§ EXTRACTED RECORDS
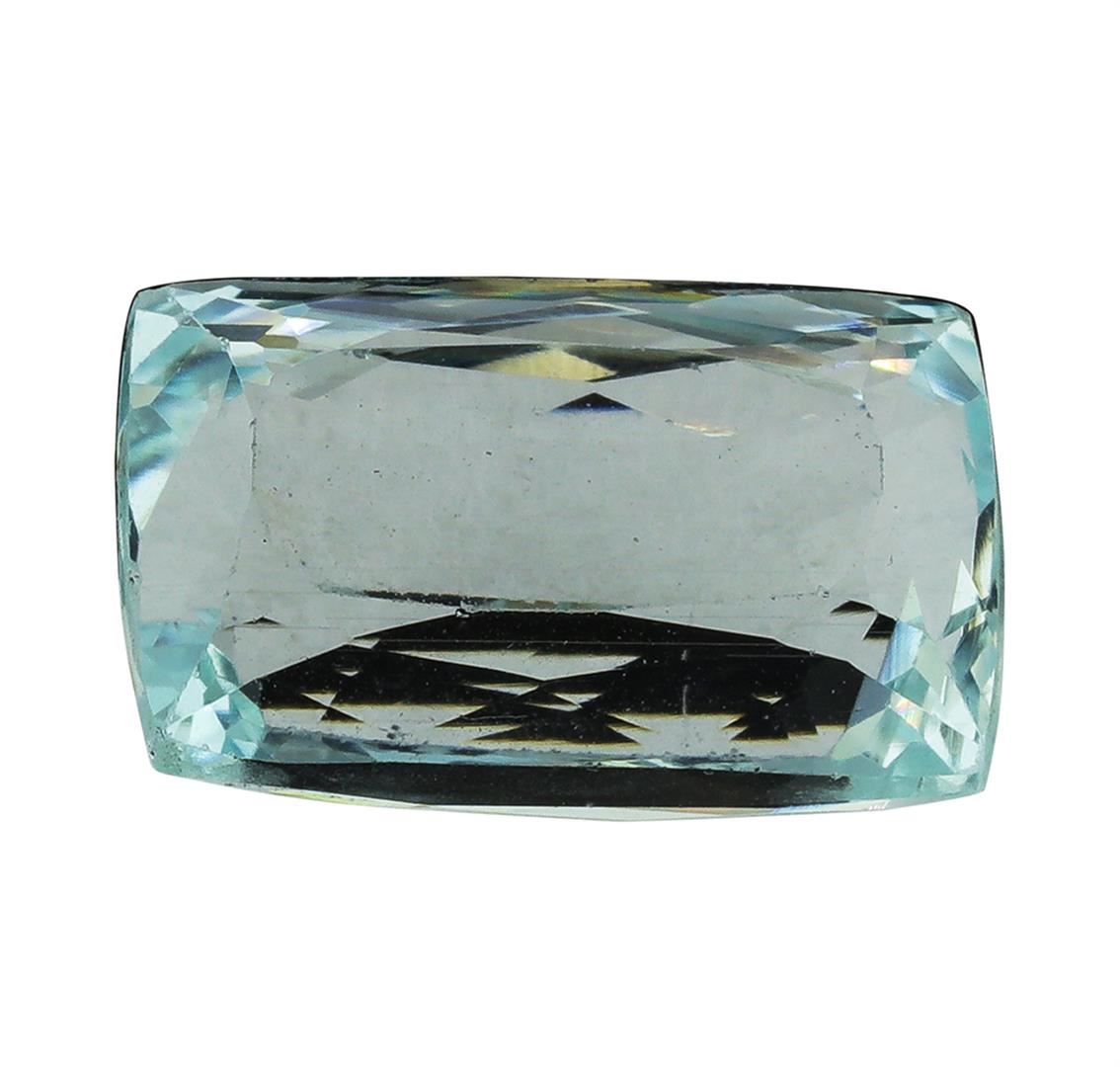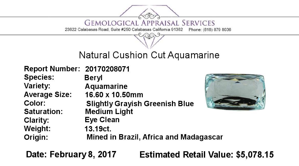 One natural cushion cut aquamarine with an exact weight of 13.19ct., clarity is eye clean, slightly grayish greenish blue, medium light. Gemological Appraisals Services estimates the retail value at $5078.15 GAS Appraised.
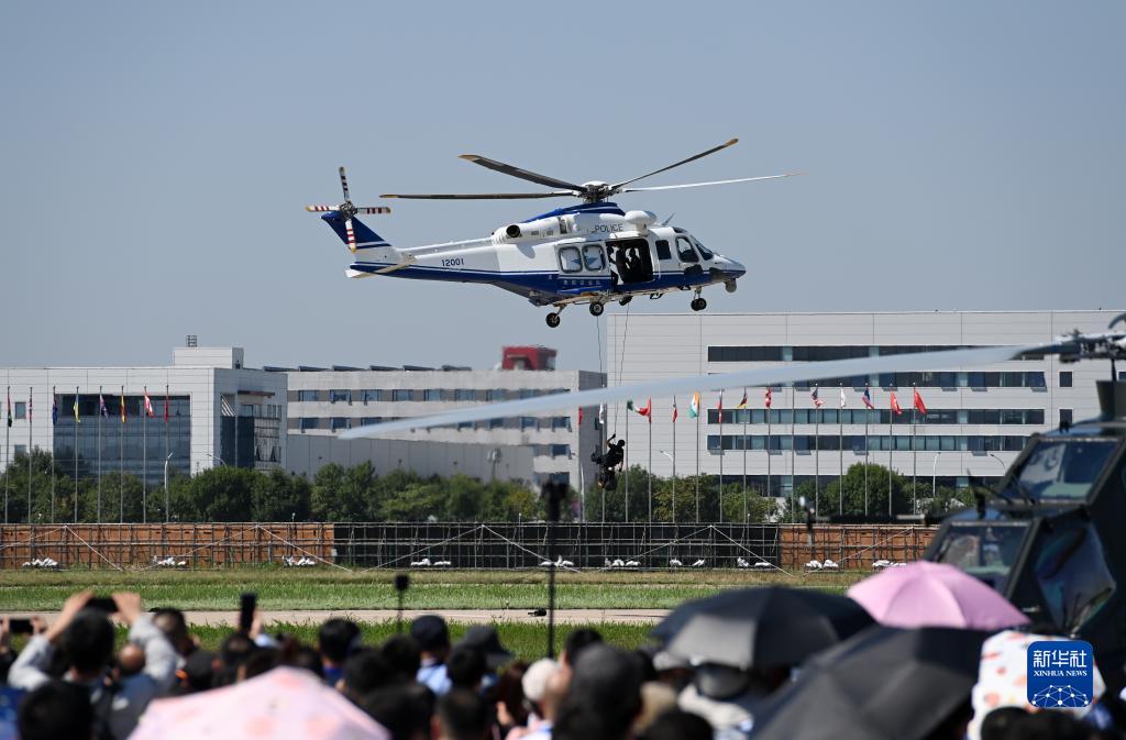 9月14日,天津市公安局警務(wù)航空總隊直升機在開(kāi)幕式上進(jìn)行飛行表演。
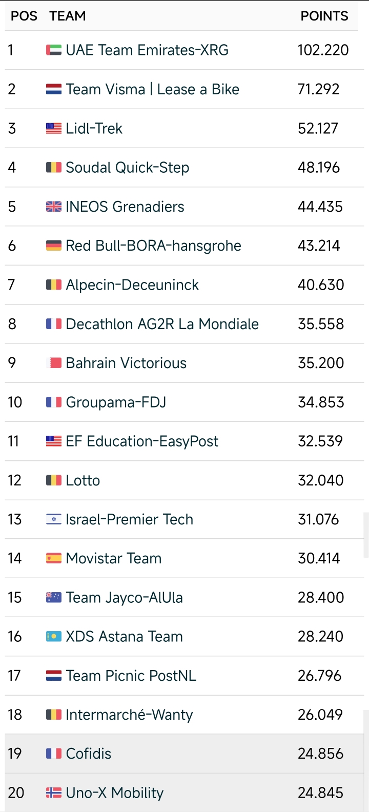 阿斯塔納車隊(duì)。隨著年初周密訓(xùn)練比賽計(jì)劃和團(tuán)隊(duì)強(qiáng)大戰(zhàn)斗力,不僅在6月填平2023-2024賽季挖下積分大坑,而且在7月至9月保持強(qiáng)勁石頭,有望沖擊第15名排位,目前保級(jí)無憂;
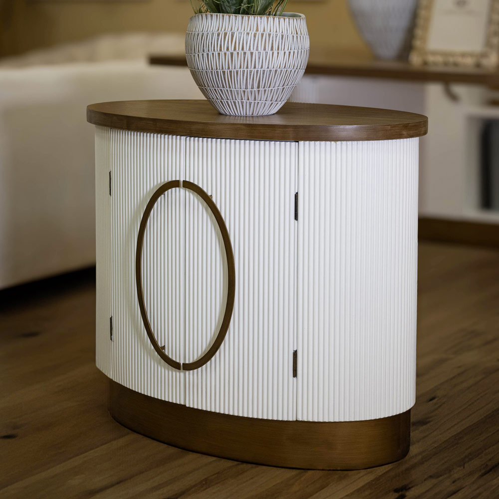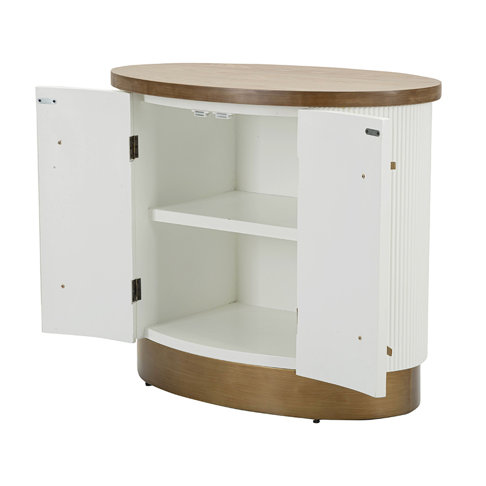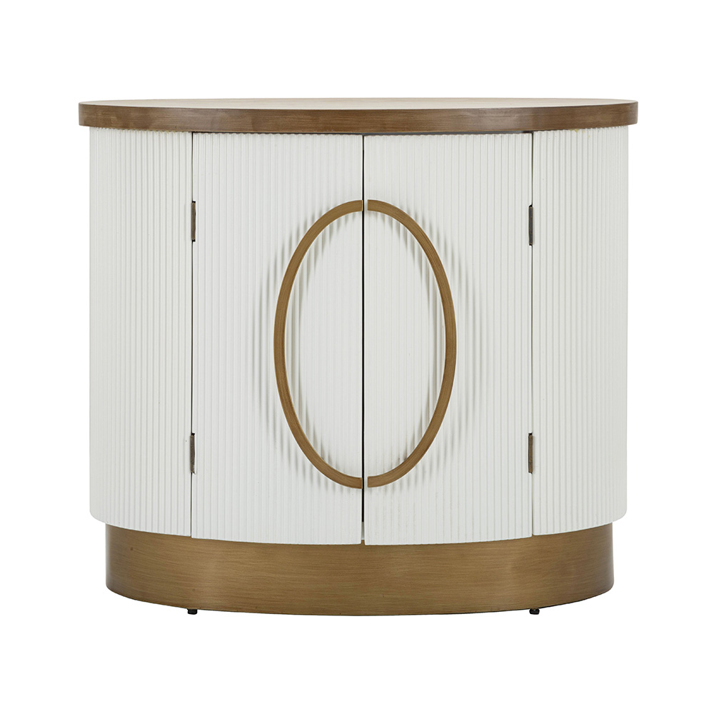 De ingenieuze groef van de deuren voegt een delicaat spel van licht en schaduw toe, terwijl de ronde handgrepen een vleugje verfijning introduceren. Dit meubelstuk biedt niet alleen een esthetisch aandachtspunt, maar ook een overvloedige opbergcapaciteit, waardoor het even praktisch als mooi is.
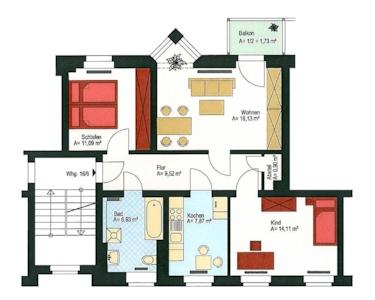 Praktische 3-Zimmer-Wohnung mit Balkon.
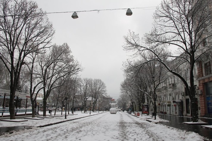 У ніч на вівторок, 6 лютого, в Одесі повалив мокрий сніг. Будинки та вулиці південного міста вкрилися пухнастою білою пеленою. Сніг майже відразу починає танути. Гідрометцентр Чорного та Азовського морів попереджає: через підвищення денної температури сніг незабаром зміниться дощем.
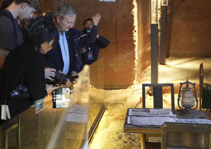 Guests visit the site where the U.S. airmen of the Doolittle Raid were rescued by locals in Quzhou City, east China's Zhejiang Province, April 17, 2025. (Xinhua/Huang Zongzhi)
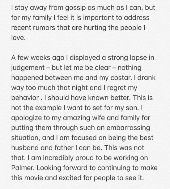 Hace unas semanas mostré un fuerte lapso en el juicio, pero que quede claro: no pasó nada entre mi coprotagonista y yo. Bebí demasiado esa noche y lamento mi comportamiento. Debería haberlo sabido”, reconoció Justin.
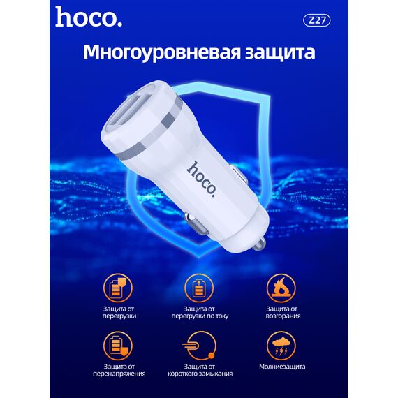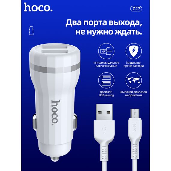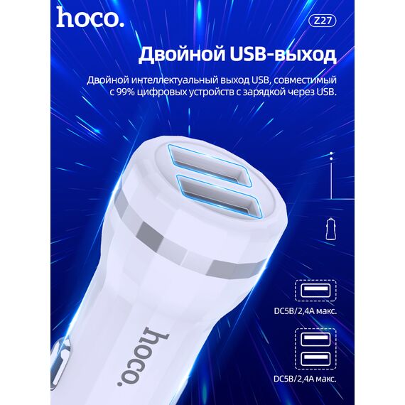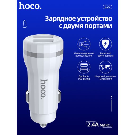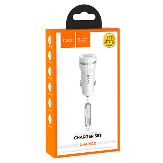 АЗУ HOCO Z27 Staunch dual port+micro 2.4A White
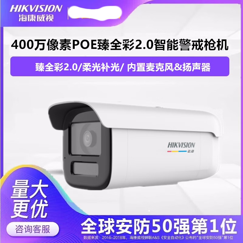 海康400W全彩简式网络摄像机DS-2CD2T47SWDV3-L 自营
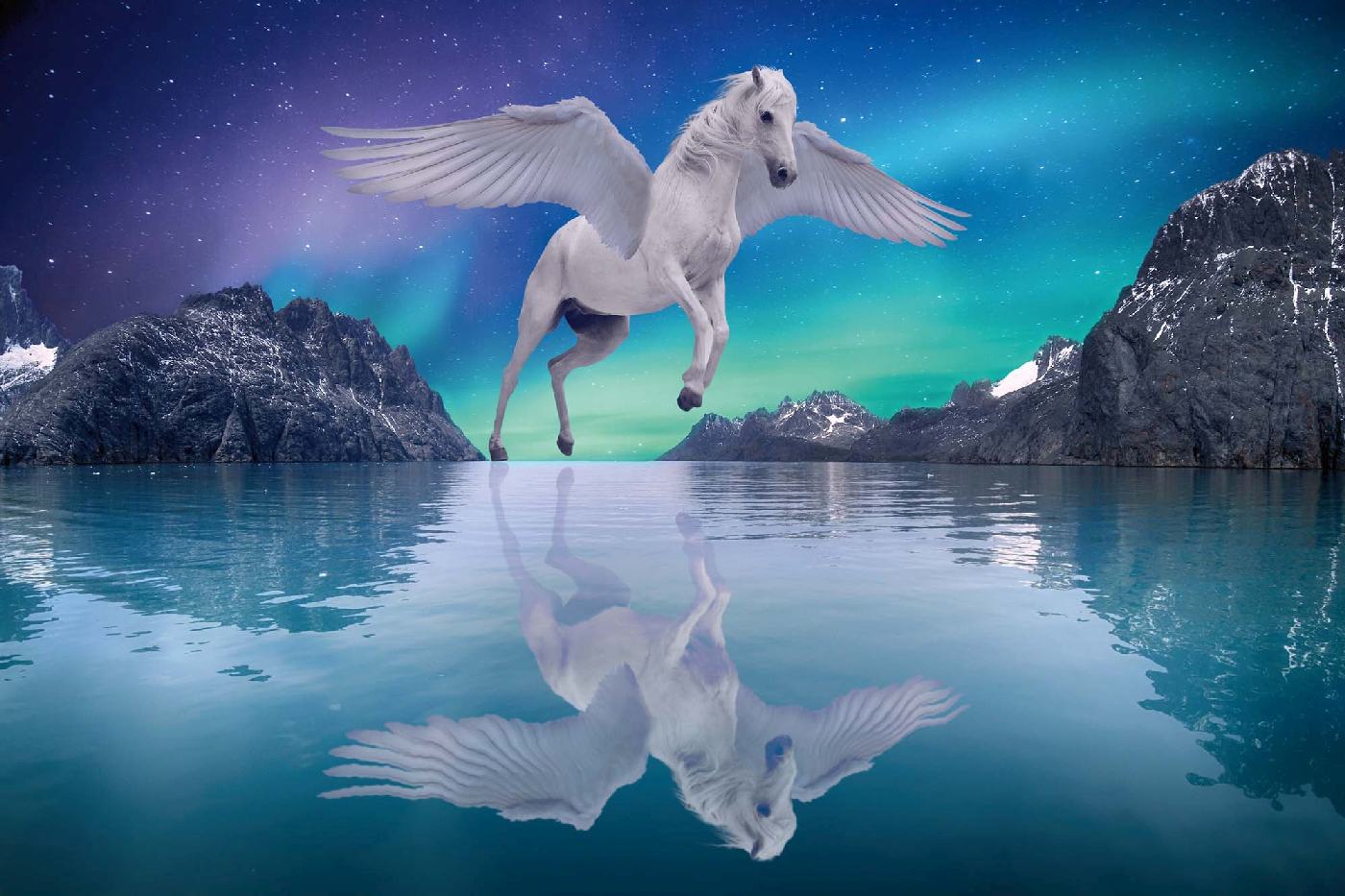 Vlies Fototapete - Pegasus und See 375 x 250 cm

§ YOUR TASK
Could you write the entries out again exactly, without their pictures?

§ COMPLETED TASK
 One natural cushion cut aquamarine with an exact weight of 13.19ct., clarity is eye clean, slightly grayish greenish blue, medium light. Gemological Appraisals Services estimates the retail value at $5078.15 GAS Appraised.
 9月14日,天津市公安局警務(wù)航空總隊直升機在開(kāi)幕式上進(jìn)行飛行表演。
 阿斯塔納車隊(duì)。隨著年初周密訓(xùn)練比賽計(jì)劃和團(tuán)隊(duì)強(qiáng)大戰(zhàn)斗力,不僅在6月填平2023-2024賽季挖下積分大坑,而且在7月至9月保持強(qiáng)勁石頭,有望沖擊第15名排位,目前保級(jí)無憂;
 De ingenieuze groef van de deuren voegt een delicaat spel van licht en schaduw toe, terwijl de ronde handgrepen een vleugje verfijning introduceren. Dit meubelstuk biedt niet alleen een esthetisch aandachtspunt, maar ook een overvloedige opbergcapaciteit, waardoor het even praktisch als mooi is.
 Praktische 3-Zimmer-Wohnung mit Balkon.
 У ніч на вівторок, 6 лютого, в Одесі повалив мокрий сніг. Будинки та вулиці південного міста вкрилися пухнастою білою пеленою. Сніг майже відразу починає танути. Гідрометцентр Чорного та Азовського морів попереджає: через підвищення денної температури сніг незабаром зміниться дощем.
 Guests visit the site where the U.S. airmen of the Doolittle Raid were rescued by locals in Quzhou City, east China's Zhejiang Province, April 17, 2025. (Xinhua/Huang Zongzhi)
 Hace unas semanas mostré un fuerte lapso en el juicio, pero que quede claro: no pasó nada entre mi coprotagonista y yo. Bebí demasiado esa noche y lamento mi comportamiento. Debería haberlo sabido”, reconoció Justin.
 АЗУ HOCO Z27 Staunch dual port+micro 2.4A White
 海康400W全彩简式网络摄像机DS-2CD2T47SWDV3-L 自营
 Vlies Fototapete - Pegasus und See 375 x 250 cm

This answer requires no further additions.